[Start of Attachment]
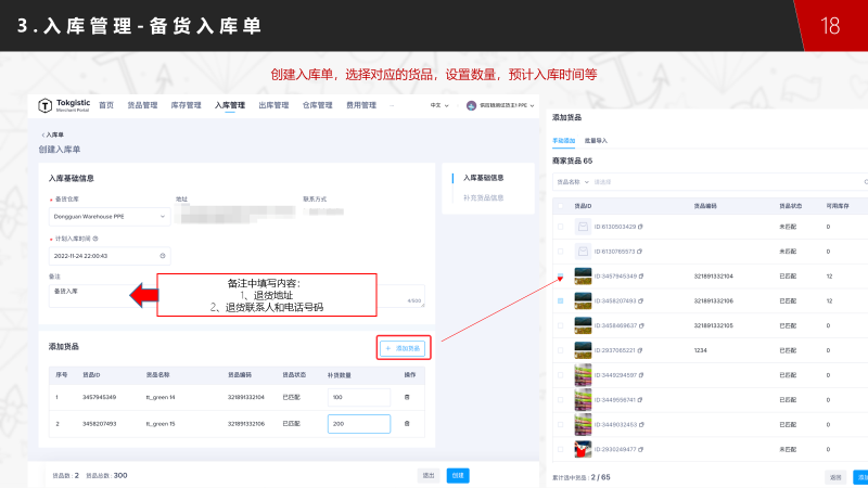 贴好商品条码后,商家需在商家后台系统中创建备货入库单。
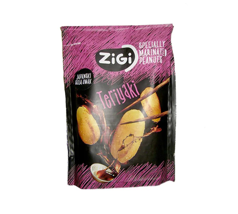 kikiriki, biljno ulje, sol, šećer, aroma terijakija 3 % (natrijev glutaminat, soja sos u prahu 5 %, maltodekstrin, češnjak, začini, aroma dima), dekstrin, sorbitol, modificirani škrobProizvod sadrži gluten, soju, celer i kikiriki
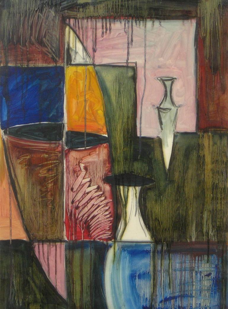 The vessel form in general inspired this painting. The idea of inside and outside ( positive / negative spaces ) . The shapes that are formed by these opposing forces on a 2D plain. I have always been fascinated with vessel forms and the spaces that they occupy and create.
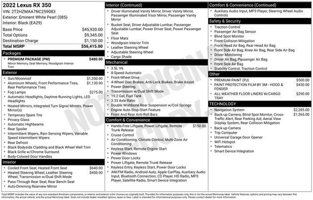 Don't miss your chance to experience the exceptional quality and performance of this 2022 Lexus RX 350. Visit our showroom today and let us demonstrate why this vehicle is the perfect choice for you.
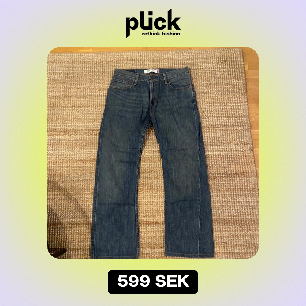 Säljer ett par klassiska Levi's 527 jeans i blå denim. De har en bootcut-stil och är i mycket bra skick.
[End of Attachment]
## ASSIGNMENT
Restate every record above word for word, without images.

## SOLUTION TO THE EXERCISE
 贴好商品条码后,商家需在商家后台系统中创建备货入库单。
 kikiriki, biljno ulje, sol, šećer, aroma terijakija 3 % (natrijev glutaminat, soja sos u prahu 5 %, maltodekstrin, češnjak, začini, aroma dima), dekstrin, sorbitol, modificirani škrobProizvod sadrži gluten, soju, celer i kikiriki
 The vessel form in general inspired this painting. The idea of inside and outside ( positive / negative spaces ) . The shapes that are formed by these opposing forces on a 2D plain. I have always been fascinated with vessel forms and the spaces that they occupy and create.
 Don't miss your chance to experience the exceptional quality and performance of this 2022 Lexus RX 350. Visit our showroom today and let us demonstrate why this vehicle is the perfect choice for you.
 Säljer ett par klassiska Levi's 527 jeans i blå denim. De har en bootcut-stil och är i mycket bra skick.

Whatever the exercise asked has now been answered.